1. Introduction
Attack Surface Discovery identifies DNS records and subdomains associated with your internet-facing domains. This vulnerability helps attackers map your external infrastructure, potentially revealing hidden services and weaknesses. It primarily affects organisations using public DNS servers for their top level domains, impacting confidentiality by exposing information about internal systems.
2. Technical Explanation
This plugin passively collects publicly available DNS records to build a view of an organisation’s attack surface. There is no direct exploitation path; however, the discovered information can be used in reconnaissance attacks. The main precondition for this vulnerability is having public DNS records associated with your domains.
- Root cause: Publicly accessible DNS records exist for a domain.

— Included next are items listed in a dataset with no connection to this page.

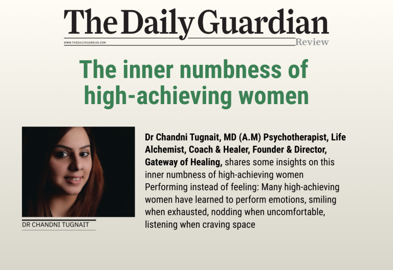 Dr Chandni Tugnait, MD (A.M) Psychotherapist, Life Alchemist, Coach & Healer, Founder & Director, Gateway of Healing, shares some insights on this inner numbness of high-achieving women Performing instead of feeling: Many high-achieving women have learned to perform emotions, smiling when exhausted, nodding when uncomfortable, listening when craving space. Their emotional radar becomes attuned to others while they lose touch with their own. They’re so used to being who they need to be in the room, they forget to ask: What do I feel in this moment?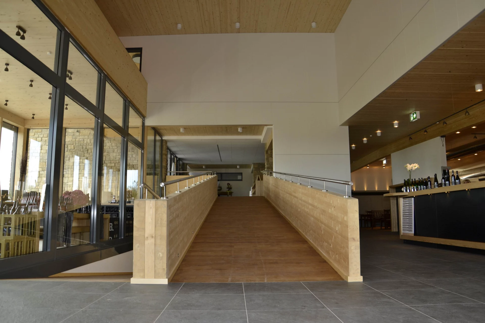 Besonderes Augenmerk galt dem Brandschutz und der Technikplanung: Die Lüftungsanlage der Großküche mit F90-Anforderung wurde in enger Zusammenarbeit mit Fachplanern entwickelt. Auch die barrierefreie Erschließung über elegante Rampen aus Brettschichtholzträgern sowie das großflächige „Glasauge“ über dem Fasslager zeugen von der Detailliebe und planerischen Kompetenz des Holzbau-Teams.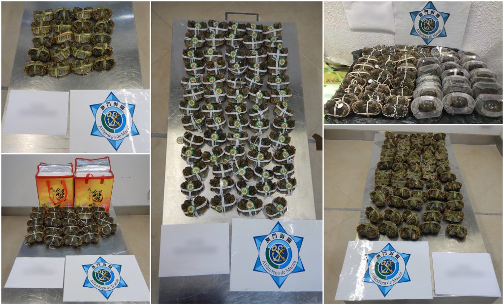 澳門國際機場海關人員查獲共5宗個案,分別在4名本澳居民及1名內地旅客的行李中查獲未經申報大閘蟹,數量由3.5公斤到10公斤不等。而關閘口岸查獲的2宗案件中,海關人員在兩台入境本澳的粵澳兩地牌車輛中,分別查獲未經申報大閘蟹28公斤及魚類食材28公斤,涉案人為2名本澳男子。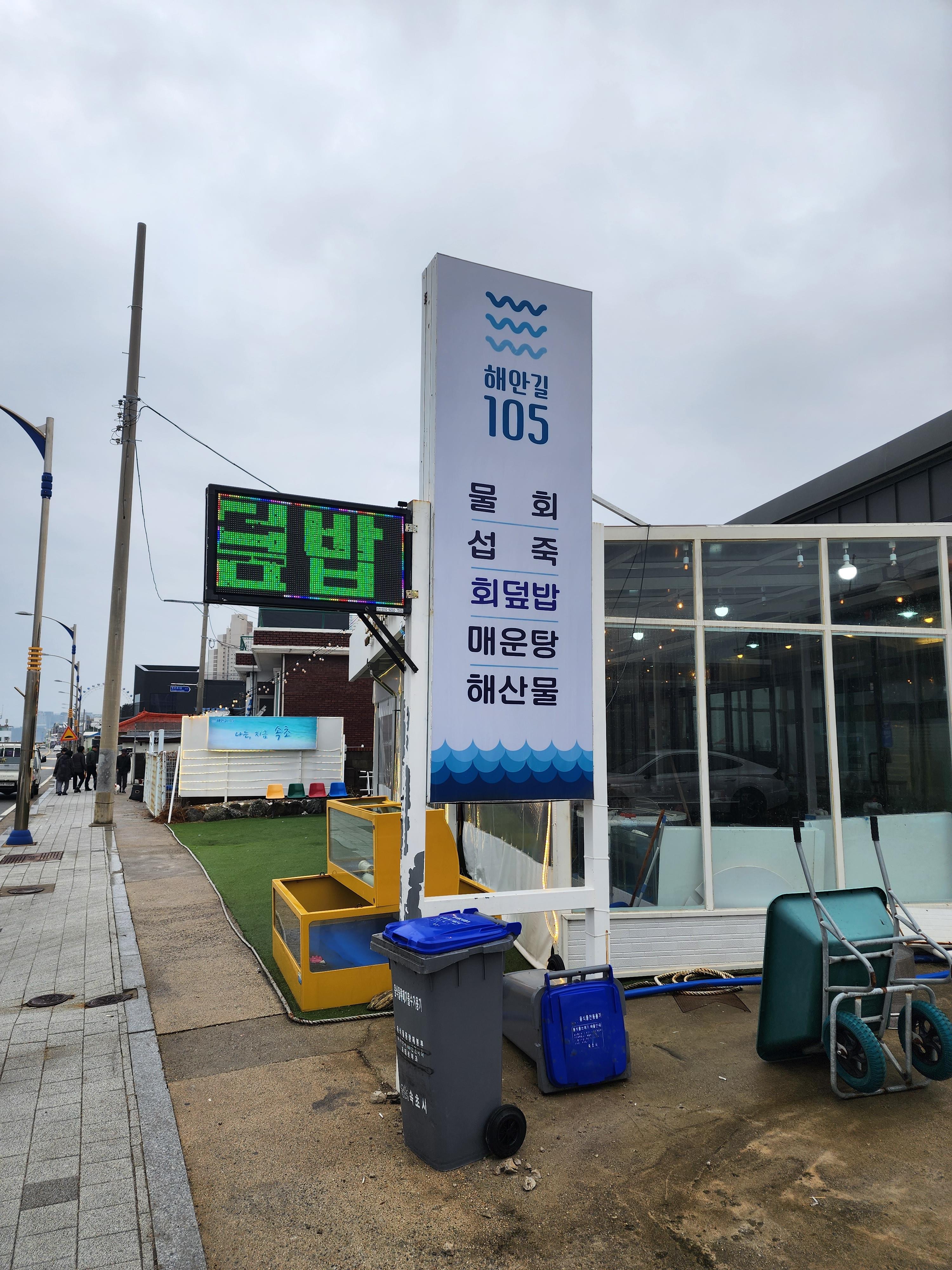 이번엔 새해 해돋이를 보려고 속초를 다녀왔는데요 1월 1일 아침에 집으로 가기전에 아침겸 점심식사를 하고자 물회집을 찾아봤습니다. 저는 대게랑 회를 주로 팔면서 물회를 파는 곳보다는 물회를 주로 파는 곳을 찾아봤는데요 그러던중 해안길 105를 알게되었습니다.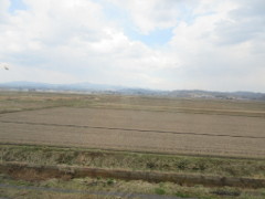 田園風景の遠くに「寒風(かんぷうざん)」らしき山並みが見える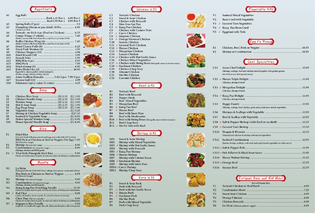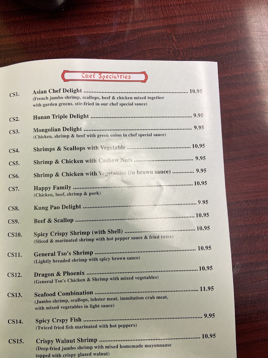 Asian Chef also features chef specialties like the Hunan Triple Delight (CS2) and the Mongolian Delight (CS3), which provide an exciting fusion of flavors. For a unique twist, try the New York Style Chow Mein, which adds a different flair to traditional Asian noodles.

- Exploit mechanism: An attacker queries DNS servers to enumerate subdomains and related services, building a map of the target’s infrastructure. For example, an attacker could use tools like `dig` or `nslookup` to identify potential targets.
- Scope: Any organisation with publicly registered domains is affected.
3. Detection and Assessment
You can confirm exposure by manually querying DNS records for your domain. A thorough method involves using a dedicated reconnaissance tool.
- Quick checks: Use the `dig` command to query for subdomains. For example, `dig yourdomain.com`.
- Scanning: Tools like Amass (https://github.com/OWASP/Amass) can be used to discover subdomains. This is an example only.
- Logs and evidence: DNS server logs may show queries for your domain from unknown sources, though this is not specific to this vulnerability.
dig yourdomain.com4. Solution / Remediation Steps
The following steps aim to reduce the attack surface by minimising unnecessary DNS records and subdomains.
4.1 Preparation
- Backups are not required for this vulnerability. No services need to be stopped.
- Dependencies: Access to your domain registrar or DNS provider is needed. Roll back involves reverting any changes made to DNS records.
- Change window needs and approval may depend on the size of your organisation and change control policies.
4.2 Implementation
- Step 1: Review all existing DNS records for your domain, identifying any unnecessary or outdated entries.
- Step 2: Remove any identified unnecessary subdomains or records from your DNS configuration.
- Step 3: Ensure that wildcard DNS records are used cautiously and only when necessary.
4.3 Config or Code Example
Before
# Example DNS record with unnecessary subdomain
*.testdomain.com. IN A 192.0.2.1
After
# Unnecessary subdomain removed
testdomain.com. IN A 192.0.2.1
4.4 Security Practices Relevant to This Vulnerability
Several security practices can help reduce the attack surface and mitigate risks associated with this vulnerability type.
- Practice 1: Least privilege – limit access to DNS configuration to only authorised personnel.
- Practice 2: Regular review – periodically audit DNS records for unnecessary or outdated entries.
4.5 Automation (Optional)
Automation scripts can be used to scan and identify potentially problematic DNS records, but manual verification is still recommended.
#!/bin/bash
# Example script to list all DNS records for a domain
domain="yourdomain.com"
dig +short $domain | sort -u
5. Verification / Validation
Confirm the fix by re-running the initial detection methods and verifying that unnecessary subdomains have been removed.
- Post-fix check: Run `dig yourdomain.com` and confirm that only expected subdomains are listed.
- Re-test: Re-run a subdomain enumeration tool like Amass to verify the reduction in discovered subdomains.
- Monitoring: Monitor DNS server logs for unexpected queries or changes to DNS records as an example alert.
dig yourdomain.com6. Preventive Measures and Monitoring
Regularly reviewing and updating security baselines can help prevent this issue.
- Baselines: Update a security baseline to include regular DNS record audits as an example control.
- Pipelines: Integrate subdomain enumeration tools into CI/CD pipelines to identify new or unexpected subdomains.
- Asset and patch process: Implement a regular asset inventory process to track all internet-facing assets, including domains and subdomains.
7. Risks, Side Effects, and Roll Back
Removing necessary DNS records can cause service disruptions. Always test changes in a non-production environment first.
- Roll back: Revert any changes made to the DNS configuration if issues arise.
8. References and Resources
Links only to sources that match this exact vulnerability. Use official advisories and trusted documentation. Do not include generic links.
- Vendor advisory or bulletin: Not applicable for this general issue.
- NVD or CVE entry: Not applicable for this general issue.
- Product or platform documentation relevant to the fix: Your DNS provider’s documentation on managing DNS records.